Special Constables Act 1831
- Parliament of the United Kingdom
- Long title: An Act for amending the Laws relative to the Appointment of Special Constables, and for the better Preservation of the Peace.
- Citation: 1 & 2 Will. 4. c. 41
- Territorial extent: England and Wales

Dates
- Royal assent: 15 October 1831
- Commencement: 15 October 1831
- Repealed: 1 April 1965

Other legislation
- Repeals/revokes: Appointment of Special Constables Act 1820;
- Amended by: Special Constables Act 1835; Statute Law Revision Act 1874; Summary Jurisdiction Act 1884; Public Authorities Protection Act 1893; National Assistance Act 1948; Justices of the Peace Act 1949;
- Repealed by: Police Act 1964
- Relates to: Special Constables Act 1838;

Status: Repealed

Text of statute as originally enacted

= Special Constables Act 1831 =

Act of the Parliament of the United Kingdom

The Special Constables Act 1831 (1 & 2 Will. 4. c. 41) was an act of the Parliament of the United Kingdom, given royal assent on 15 October 1831.

It provided a long-term framework for the use, appointment and operation of special constables in England and Wales.
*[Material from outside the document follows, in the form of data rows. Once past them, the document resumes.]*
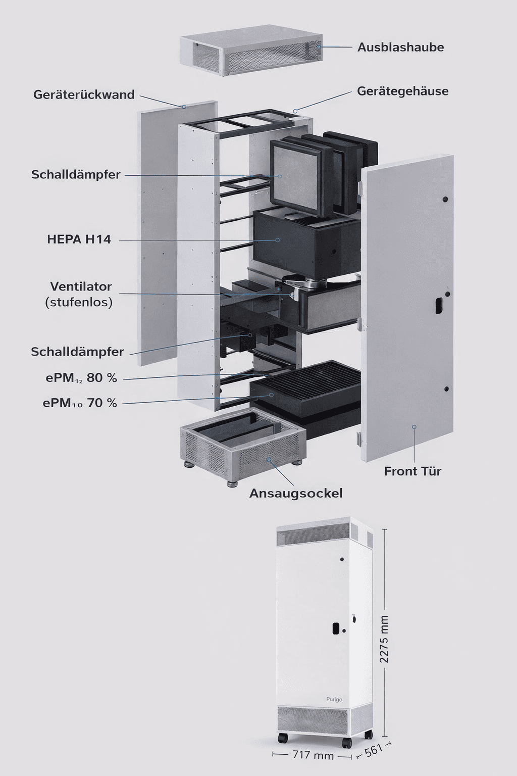 Alle Leistungen, alle Maße, alle Daten – alles über die stationären Luftreiniger Atemrein T 1750
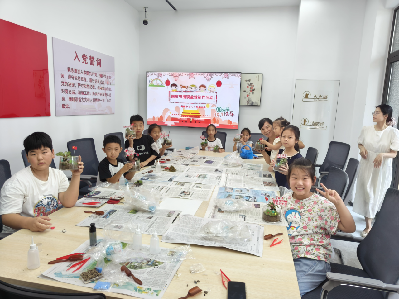 新桥社区党群服务中心举办了“我为祖国添点绿”盆栽DIY手工活动。活动中,小朋友们化身“小小园艺家”,在欢声笑语中挑选心仪植物,将绿意装入玻璃杯,一个个精致鲜活的盆栽作品相继诞生。孩子们用指尖绿意为祖国华诞送上美好祝福,收获满满快乐与成长。
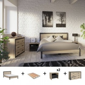 PACK COMPUESTO POR:• ESTRUCTURA CAMA COLORADO 200x160cmCOLOR: KRONBERG/SIDEWALK• SOMIER METÁLICO 200x160cm• 2 PATAS PARA SOMIER 26cm• 2 MESITAS DE NOCHE COLORADOCOLOR: KRONBERG/SIDEWALKMEDIDAS: L 49,6 x P 36,3 x A 40,1cm• CÓMODA 6 CAJONES COLORADOCOLOR: KRONBERG/SIDEWALKMEDIDAS: L 129 x A 77 x P 41,8cm *INDICADO PARA COLCHÓN EN LA MEDIDA 200x160cm.

It is often seen as the foundation date for the Metropolitan Special Constabulary, the special constabulary attached to the Metropolitan Police, which had itself been founded only two years earlier.
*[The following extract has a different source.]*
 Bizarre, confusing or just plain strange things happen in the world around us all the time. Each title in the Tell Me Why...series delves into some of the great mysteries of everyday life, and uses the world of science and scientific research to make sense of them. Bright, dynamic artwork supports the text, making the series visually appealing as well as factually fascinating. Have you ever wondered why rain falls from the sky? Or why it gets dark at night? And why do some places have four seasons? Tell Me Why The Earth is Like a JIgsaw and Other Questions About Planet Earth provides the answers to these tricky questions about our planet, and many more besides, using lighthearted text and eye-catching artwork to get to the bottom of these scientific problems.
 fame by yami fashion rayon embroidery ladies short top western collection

== Subsequent developments ==
Section 19 of the act was repealed by section 2 of, and the schedule to, the Public Authorities Protection Act 1893 (56 & 57 Vict. c. 61), which came into force on 1 January 1894.

The whole act was repealed by section 64(3) of, and part I of schedule 10 to, the Police Act 1964, which came into force on 1 April 1965.